The Go modules thing is similarly painful, but it's not the best example of what I describe, because there is a very clear cut change from the previous way of doing things. It sucks but there is a clear path forward. With a JS project you get the feeling that you are walking on a minefield.
JS is significantly worse. npm, yarn, webpack, babel, rollup, vite etc etc. Too many dependencies. Too many breaking changes. if build fails, error messages are horrendously cryptic.
Change, sure. We've had browserify, parcel, rollup, webpack. Then the next wave hit with snowpack, esbuild, vite, lasso, turbopack etc.
There's a few that have hung around like rollup and webpack, but there's definitely a constant feel of chasing the dragon when it comes to js bundlers/builds, if not JS tooling as a whole.
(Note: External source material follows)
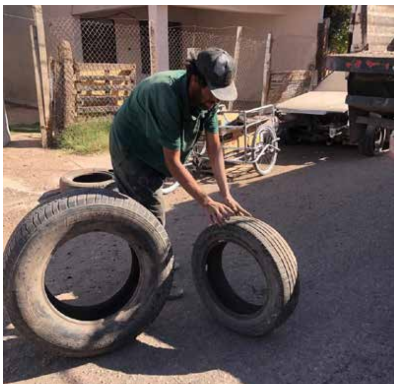
Las jornadas de descacharrización que se realizan en el municipio de Cajeme continúan reforzando las acciones de prevención contra el dengue y otras enfermedades transmitidas por el vector.

El funcionario señaló que los recorridos por distintas colonias del municipio se mantienen de manera permanente y destacó que tan solo durante la semana

I have encountered a mix of several weird bugs and breaking changes with gulp, webpack, rollup and what ever Nextjs uses. Also build related bugs with several popular libraries and the resulting versioning and dependency issues. NPM has disappointed me in similar ways at least a couple of times too. Babel is its own hell.
Basically touching a JS project that hasn't been updated monthly is incredibly anxiety inducing.
And now there are several new build tools since a relatively short while, which makes the issue even worse. They might be improvements in some dimensions but they all invent their own little world again, promising this or that. But it all sounds so familiar and I already lost trust.
I'm proud to say I recently published a library on npm and decided to specifically deliberately not publish anything other than ESM. Now bundle sizes are significantly smaller.
That’s the right thing to do. The issue that I mentioned included switching suddenly in highly depended-on packages without waiting for major end-user tools to catch up, splitting NPM across ESM for few months. It was a deliberate and non-systematic action. That’s why it’s worth ignoring it here.
Absolutely nothing and I advocate and push for them wherever possible.
But I mentioned them for the usually very vocal crowd on HN (and others) that dominate any JS orientated conversation by pissing and crying that build tools exist.
Apparently, to this crowd, the act of compiling code is perfectly OK everywhere else but a travesty to need or want to do any of that for software that runs in a browser. Weird.
Build and dependency management is the worst part of the javascript ecosystem. Other languages do this much better. We're not against build tools for javascript. We're against bad ones.
I'm only against adding a build tool when it's a small project that shouldn't require that complexity. I've seen projects where maintaining the build setup was more work than maintaining the code.
Yes, I've seen that too and it's a testament to how bad the ecosystem is.
However, the kinds of problems that existed in 2015 thanks to detracting tools like WebPack and Babel don't really exist now with the fact that browsers support ES modules and Node is dragging its heels but now mostly supports ES modules.
With things like typescript and vite I now never have the problems that used to be common. In fact when I see people creating brand new projects in 2023 using WebPack I cry a little in side.
At some point having a bad tooling experience can't be solely blamed on the tools. It's a choice.